» EXERCISE INSTRUCTIONS: Retype each line of the data below exactly, beginning with the first and ending with the one that contains "3.等蛋液稍微一点凝固的时候". Pictures do not belong in the copy.

» GIVEN MATERIAL:
────

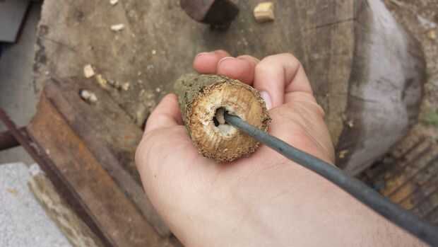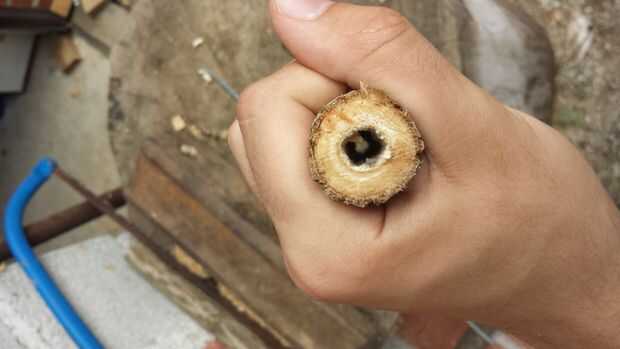 Tomar algunos larga varilla y tratar de empujar a lo largo de la parte entera de madera, así se debe eliminar materia esponjosa. Es la manera de cómo que lo estaba haciendo, si tienes alguna otra idea mejor post justo debajo porque estoy en busca de alguna manera mejor.
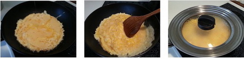 3.等蛋液稍微一点凝固的时候,用锅铲搅动,是为了让蛋均匀受热,煎的均匀,熟度均匀,而且蓬松(这样不会让蛋外面是熟的,但当中还是生的)
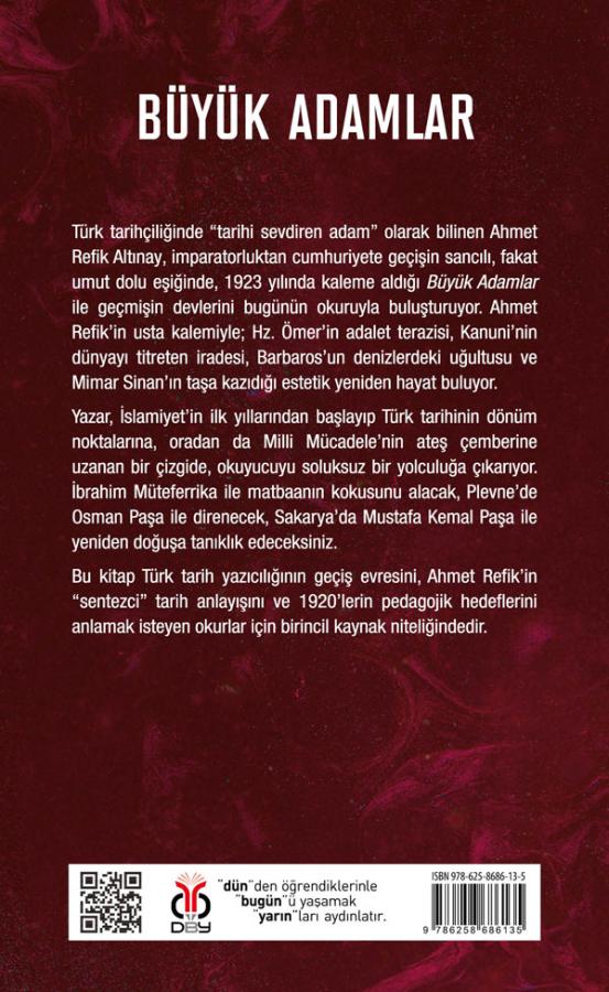 Türk tarihçiliğinde “tarihi sevdiren adam” olarak bilinen Ahmet Refik Altınay, imparatorluktan cumhuriyete geçişin sancılı, fakat umut dolu eşiğinde, 1923 yılında kaleme aldığı Büyük Adamlar ile geçmişin devlerini bugünün okuruyla buluşturuyor. Ahmet Refik’in usta kalemiyle; Hz. Ömer’in adalet terazisi, Kanuni’nin dünyayı titreten iradesi, Barbaros’un denizlerdeki uğultusu ve Mimar Sinan’ın taşa kazıdığı estetik yeniden hayat buluyor.
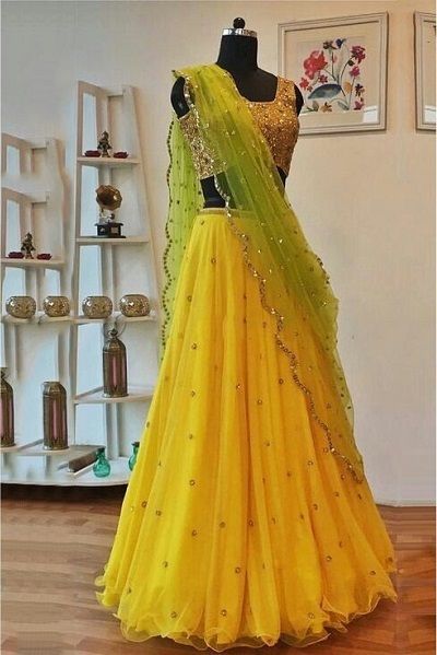 Pastel lehnga‘s have their own charm. They look super feminine and ultra girlish. And if you are a fan of pastel shade lehnga’s, then you would definitely want to keep one set for your wedding function. Pastel shade lehnga’s are perfect for day weddings which let you embrace all the lively color combinations. Here are a few color combinations to try with a pastel yellow shade….

────

» PROBLEM SOLUTION:
 Tomar algunos larga varilla y tratar de empujar a lo largo de la parte entera de madera, así se debe eliminar materia esponjosa. Es la manera de cómo que lo estaba haciendo, si tienes alguna otra idea mejor post justo debajo porque estoy en busca de alguna manera mejor.
 3.等蛋液稍微一点凝固的时候,用锅铲搅动,是为了让蛋均匀受热,煎的均匀,熟度均匀,而且蓬松(这样不会让蛋外面是熟的,但当中还是生的)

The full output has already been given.